**What is required**:
Your copy should hold only the lines from the one holding "observação. Os treinos" through the last line of the records below, both included, each exact and with no pictures.

**The data**:
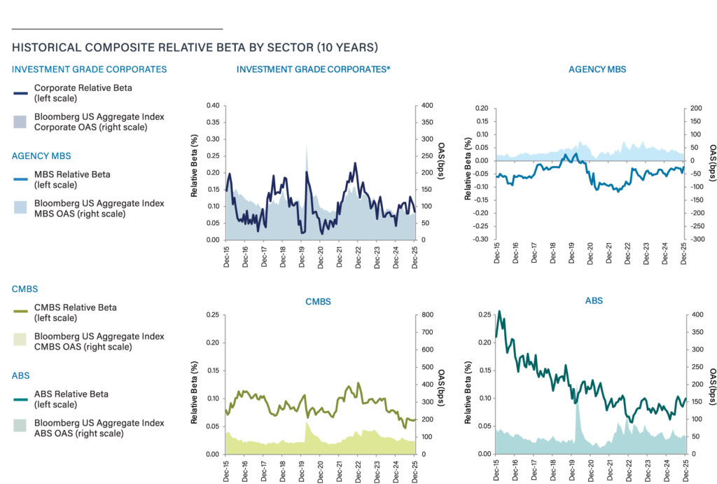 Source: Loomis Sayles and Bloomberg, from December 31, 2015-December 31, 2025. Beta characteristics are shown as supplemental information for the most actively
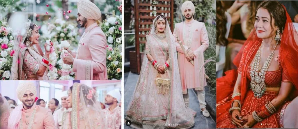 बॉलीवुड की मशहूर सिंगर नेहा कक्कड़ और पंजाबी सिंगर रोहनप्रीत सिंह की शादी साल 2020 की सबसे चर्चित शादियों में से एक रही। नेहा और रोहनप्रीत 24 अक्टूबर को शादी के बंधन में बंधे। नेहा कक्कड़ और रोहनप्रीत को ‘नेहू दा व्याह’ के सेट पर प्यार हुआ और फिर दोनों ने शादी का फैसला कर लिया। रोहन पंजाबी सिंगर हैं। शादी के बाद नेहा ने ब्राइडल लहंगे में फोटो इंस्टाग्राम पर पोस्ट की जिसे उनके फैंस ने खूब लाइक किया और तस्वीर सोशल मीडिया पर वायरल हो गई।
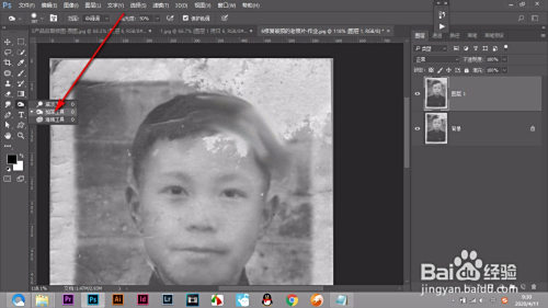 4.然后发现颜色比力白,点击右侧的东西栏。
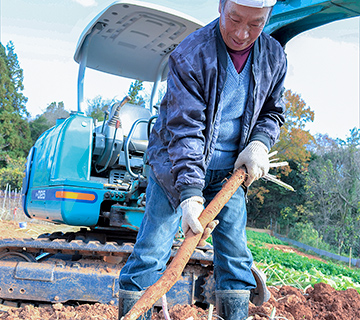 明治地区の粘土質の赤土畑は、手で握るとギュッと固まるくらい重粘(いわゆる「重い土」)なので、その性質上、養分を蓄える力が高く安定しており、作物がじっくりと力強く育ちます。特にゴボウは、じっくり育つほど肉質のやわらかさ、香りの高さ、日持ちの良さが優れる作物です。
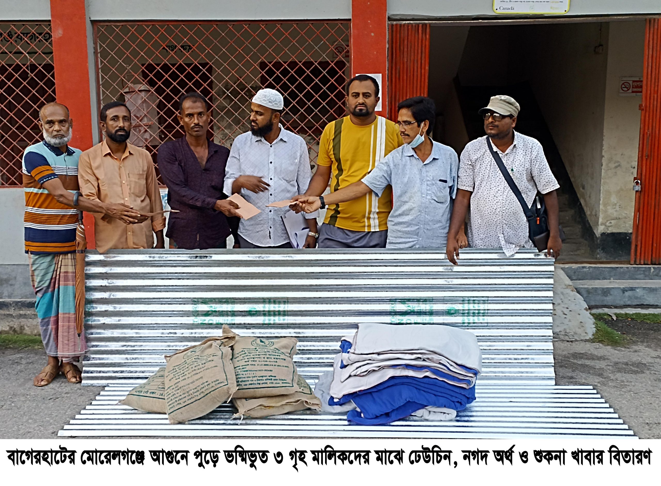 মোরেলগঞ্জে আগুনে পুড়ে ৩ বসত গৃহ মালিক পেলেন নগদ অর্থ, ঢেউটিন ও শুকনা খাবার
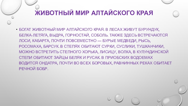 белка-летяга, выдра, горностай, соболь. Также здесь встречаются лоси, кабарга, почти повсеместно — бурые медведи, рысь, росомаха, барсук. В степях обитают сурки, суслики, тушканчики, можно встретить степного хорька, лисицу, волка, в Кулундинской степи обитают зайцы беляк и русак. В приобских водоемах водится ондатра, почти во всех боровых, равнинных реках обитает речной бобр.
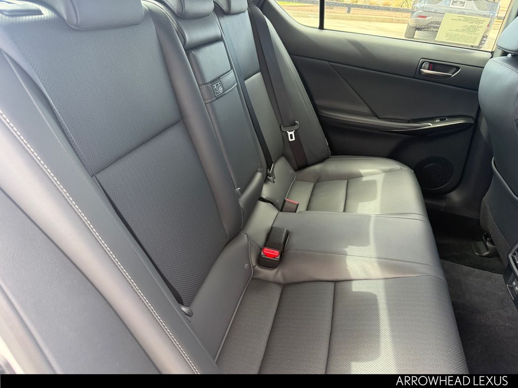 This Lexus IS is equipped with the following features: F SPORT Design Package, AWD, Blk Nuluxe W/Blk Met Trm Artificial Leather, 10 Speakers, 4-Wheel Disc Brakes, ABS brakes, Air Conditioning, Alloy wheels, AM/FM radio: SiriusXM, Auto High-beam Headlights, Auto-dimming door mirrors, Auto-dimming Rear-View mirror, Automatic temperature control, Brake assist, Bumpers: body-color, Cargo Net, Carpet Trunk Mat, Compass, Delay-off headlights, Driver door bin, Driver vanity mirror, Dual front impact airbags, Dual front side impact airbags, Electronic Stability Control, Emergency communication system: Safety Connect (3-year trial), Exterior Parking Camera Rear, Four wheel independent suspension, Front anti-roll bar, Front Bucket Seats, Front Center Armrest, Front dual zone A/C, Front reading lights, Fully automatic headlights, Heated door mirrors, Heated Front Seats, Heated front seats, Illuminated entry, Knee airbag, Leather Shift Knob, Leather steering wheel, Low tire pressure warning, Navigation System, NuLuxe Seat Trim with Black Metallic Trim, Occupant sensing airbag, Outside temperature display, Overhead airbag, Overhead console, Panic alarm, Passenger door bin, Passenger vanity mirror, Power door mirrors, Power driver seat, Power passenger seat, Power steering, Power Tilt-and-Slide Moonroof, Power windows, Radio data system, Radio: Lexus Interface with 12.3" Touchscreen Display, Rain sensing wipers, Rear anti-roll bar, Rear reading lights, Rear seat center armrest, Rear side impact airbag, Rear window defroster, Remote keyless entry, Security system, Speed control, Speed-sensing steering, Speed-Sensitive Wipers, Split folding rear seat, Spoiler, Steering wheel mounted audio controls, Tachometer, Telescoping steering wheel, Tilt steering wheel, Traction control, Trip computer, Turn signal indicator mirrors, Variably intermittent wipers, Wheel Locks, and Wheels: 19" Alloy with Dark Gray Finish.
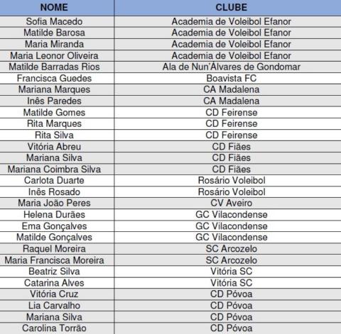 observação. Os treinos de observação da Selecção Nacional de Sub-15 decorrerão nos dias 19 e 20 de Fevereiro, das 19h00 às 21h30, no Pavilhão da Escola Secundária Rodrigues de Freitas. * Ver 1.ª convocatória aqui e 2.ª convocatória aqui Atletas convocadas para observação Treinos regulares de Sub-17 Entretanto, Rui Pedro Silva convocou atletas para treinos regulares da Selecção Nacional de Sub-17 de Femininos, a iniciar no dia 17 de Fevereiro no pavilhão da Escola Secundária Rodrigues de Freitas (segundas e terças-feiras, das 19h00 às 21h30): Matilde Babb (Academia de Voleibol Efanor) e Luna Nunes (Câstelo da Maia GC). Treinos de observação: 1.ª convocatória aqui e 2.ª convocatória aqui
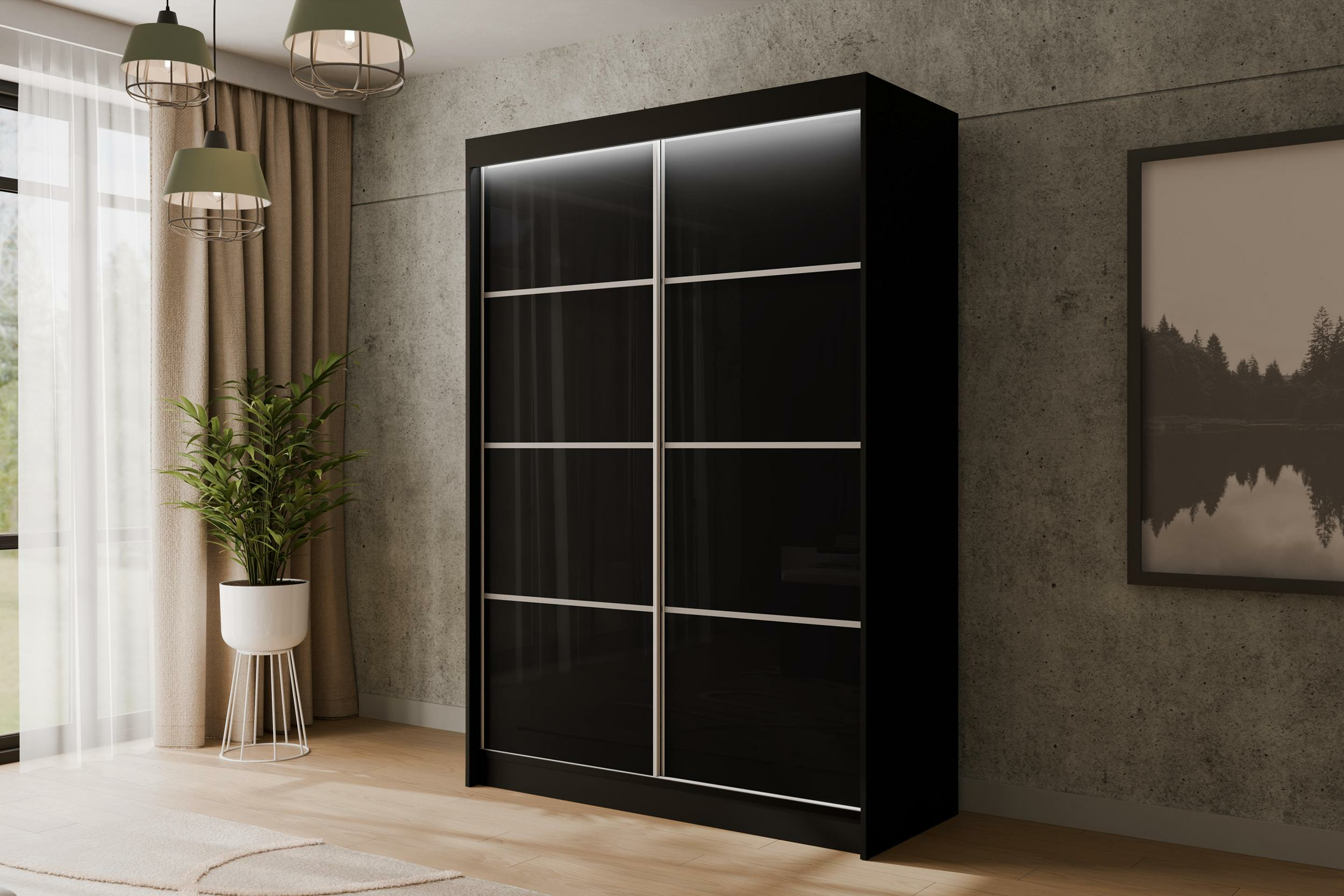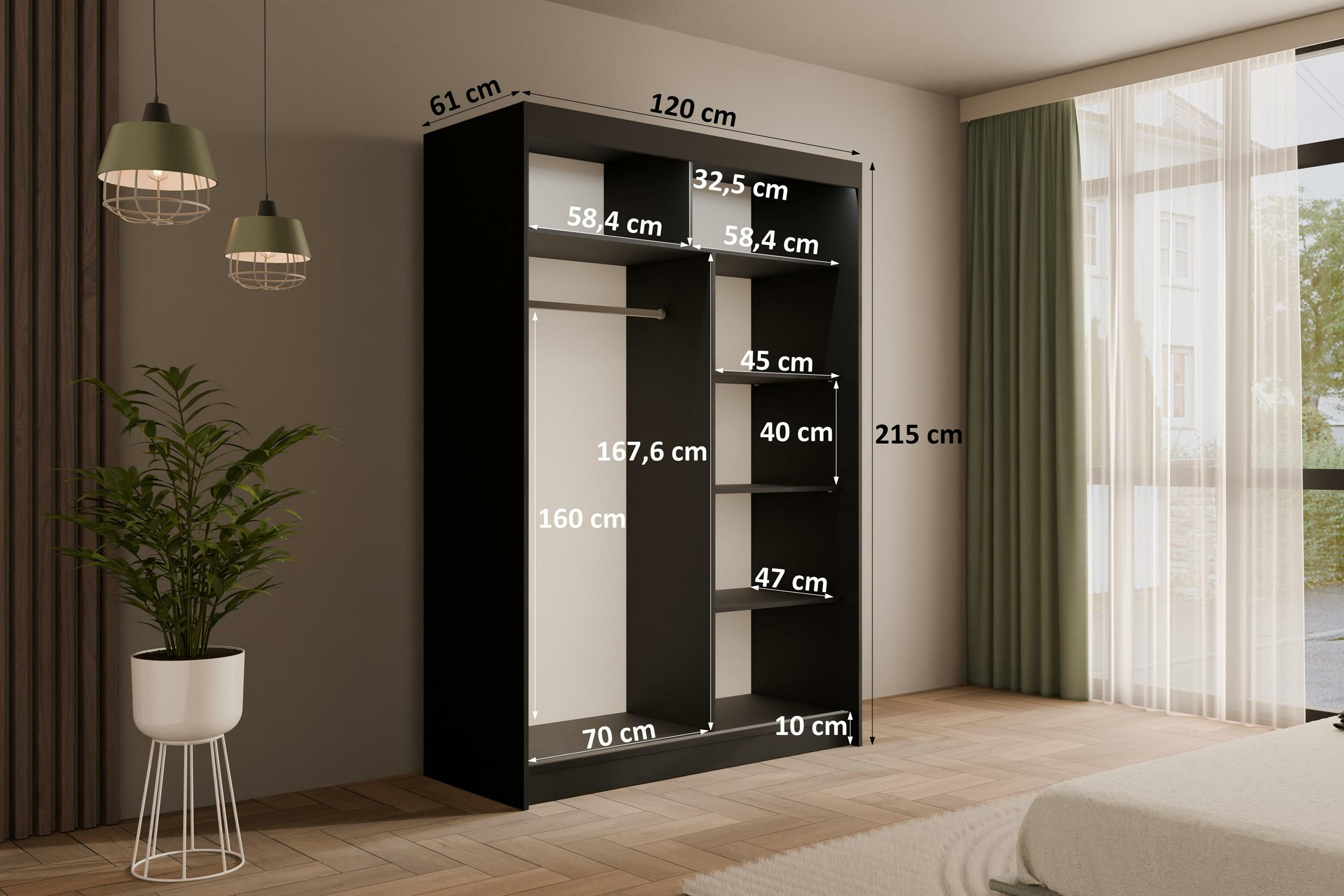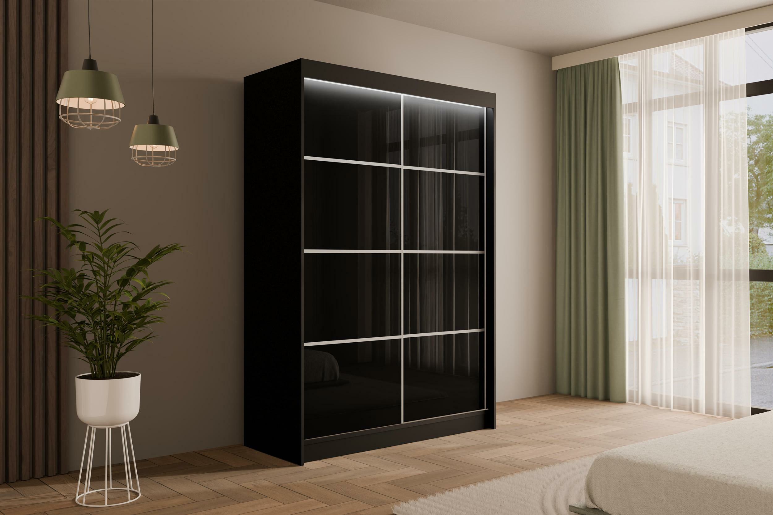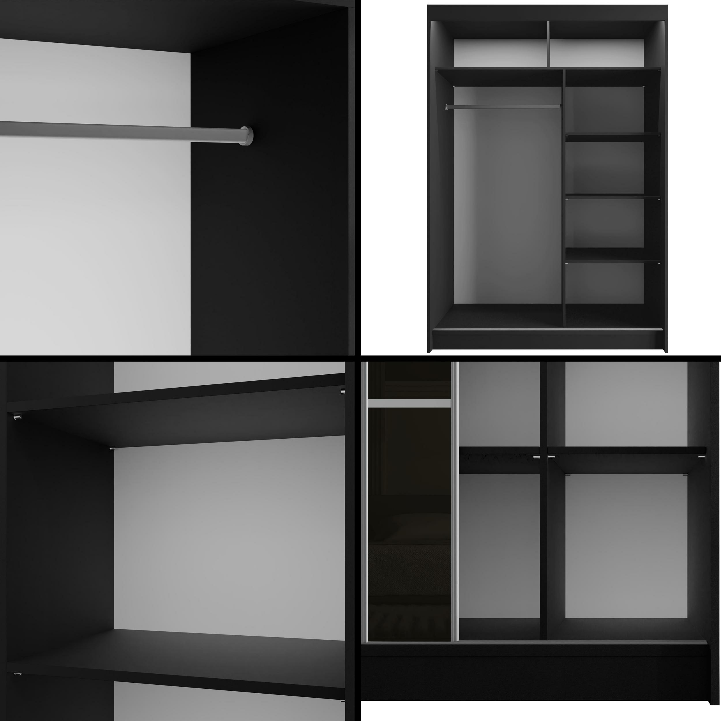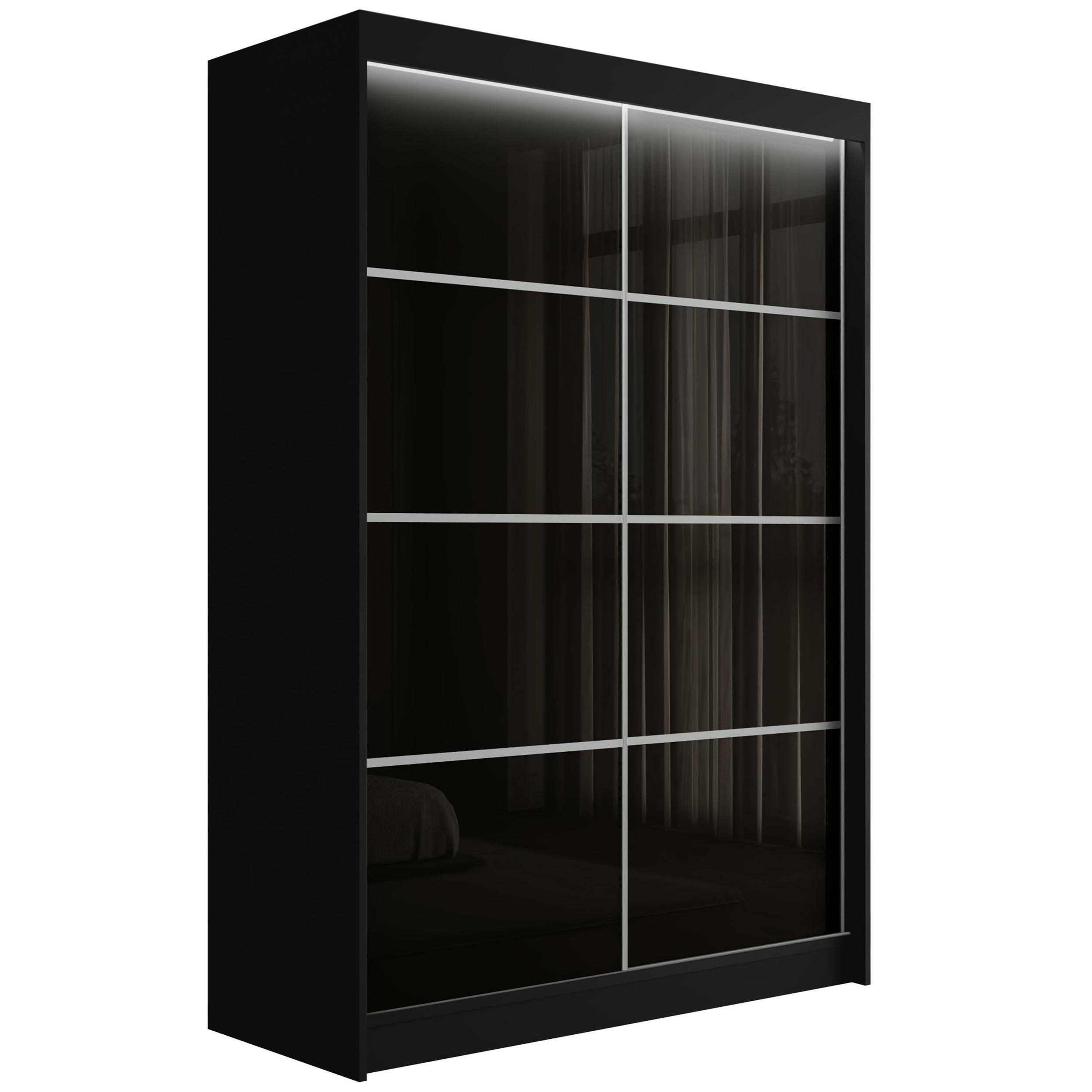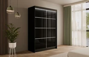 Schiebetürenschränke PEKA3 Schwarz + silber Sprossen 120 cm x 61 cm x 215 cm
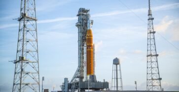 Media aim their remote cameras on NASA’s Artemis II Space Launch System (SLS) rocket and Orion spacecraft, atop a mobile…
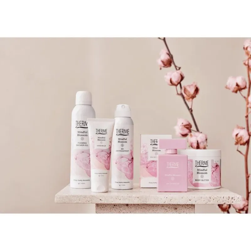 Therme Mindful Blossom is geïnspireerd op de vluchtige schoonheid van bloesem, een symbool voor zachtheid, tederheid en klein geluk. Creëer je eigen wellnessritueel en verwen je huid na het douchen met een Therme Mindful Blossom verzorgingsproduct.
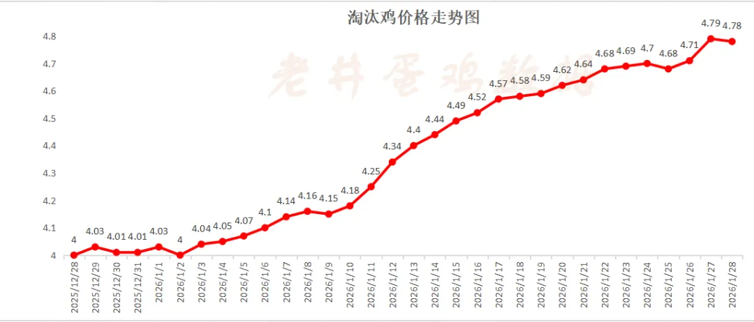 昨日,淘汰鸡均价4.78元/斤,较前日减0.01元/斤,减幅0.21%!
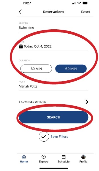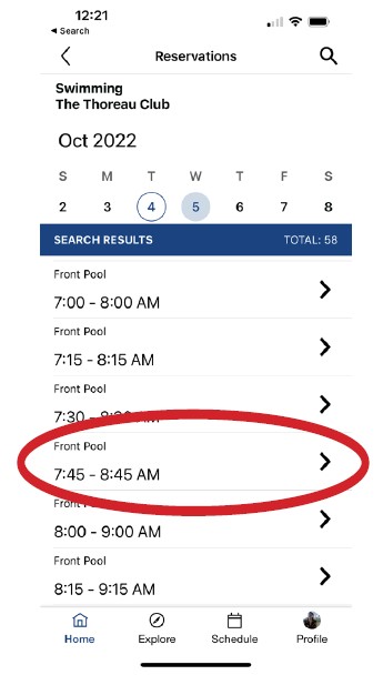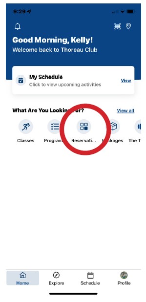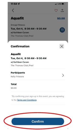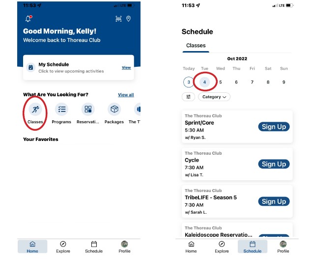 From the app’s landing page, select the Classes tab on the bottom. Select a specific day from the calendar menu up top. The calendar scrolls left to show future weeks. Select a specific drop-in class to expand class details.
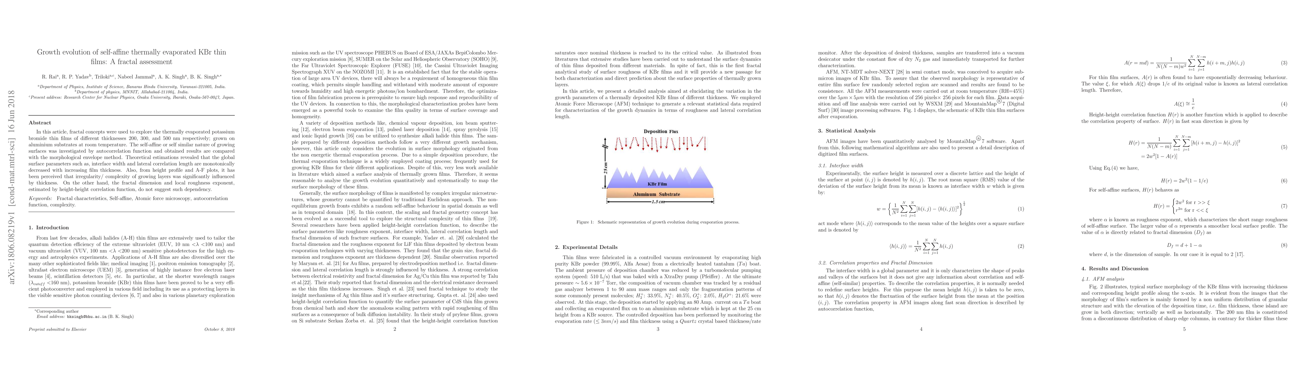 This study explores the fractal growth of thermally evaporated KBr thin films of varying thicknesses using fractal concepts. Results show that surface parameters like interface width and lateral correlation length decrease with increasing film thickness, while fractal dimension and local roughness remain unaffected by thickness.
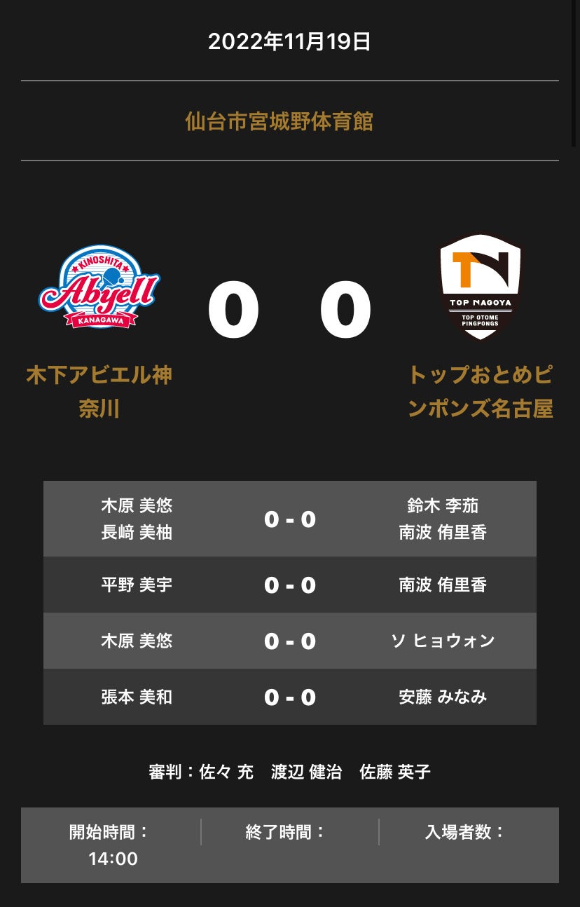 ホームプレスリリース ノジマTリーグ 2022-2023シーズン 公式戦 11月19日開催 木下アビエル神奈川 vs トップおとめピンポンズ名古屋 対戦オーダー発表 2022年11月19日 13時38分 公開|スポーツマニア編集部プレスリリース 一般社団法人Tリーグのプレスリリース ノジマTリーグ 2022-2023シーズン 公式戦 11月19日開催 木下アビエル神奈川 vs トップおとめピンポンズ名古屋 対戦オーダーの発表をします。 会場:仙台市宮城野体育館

**Result below**:
 observação. Os treinos de observação da Selecção Nacional de Sub-15 decorrerão nos dias 19 e 20 de Fevereiro, das 19h00 às 21h30, no Pavilhão da Escola Secundária Rodrigues de Freitas. * Ver 1.ª convocatória aqui e 2.ª convocatória aqui Atletas convocadas para observação Treinos regulares de Sub-17 Entretanto, Rui Pedro Silva convocou atletas para treinos regulares da Selecção Nacional de Sub-17 de Femininos, a iniciar no dia 17 de Fevereiro no pavilhão da Escola Secundária Rodrigues de Freitas (segundas e terças-feiras, das 19h00 às 21h30): Matilde Babb (Academia de Voleibol Efanor) e Luna Nunes (Câstelo da Maia GC). Treinos de observação: 1.ª convocatória aqui e 2.ª convocatória aqui
 Schiebetürenschränke PEKA3 Schwarz + silber Sprossen 120 cm x 61 cm x 215 cm
 Media aim their remote cameras on NASA’s Artemis II Space Launch System (SLS) rocket and Orion spacecraft, atop a mobile…
 Therme Mindful Blossom is geïnspireerd op de vluchtige schoonheid van bloesem, een symbool voor zachtheid, tederheid en klein geluk. Creëer je eigen wellnessritueel en verwen je huid na het douchen met een Therme Mindful Blossom verzorgingsproduct.
 昨日,淘汰鸡均价4.78元/斤,较前日减0.01元/斤,减幅0.21%!
 From the app’s landing page, select the Classes tab on the bottom. Select a specific day from the calendar menu up top. The calendar scrolls left to show future weeks. Select a specific drop-in class to expand class details.
 This study explores the fractal growth of thermally evaporated KBr thin films of varying thicknesses using fractal concepts. Results show that surface parameters like interface width and lateral correlation length decrease with increasing film thickness, while fractal dimension and local roughness remain unaffected by thickness.
 ホームプレスリリース ノジマTリーグ 2022-2023シーズン 公式戦 11月19日開催 木下アビエル神奈川 vs トップおとめピンポンズ名古屋 対戦オーダー発表 2022年11月19日 13時38分 公開|スポーツマニア編集部プレスリリース 一般社団法人Tリーグのプレスリリース ノジマTリーグ 2022-2023シーズン 公式戦 11月19日開催 木下アビエル神奈川 vs トップおとめピンポンズ名古屋 対戦オーダーの発表をします。 会場:仙台市宮城野体育館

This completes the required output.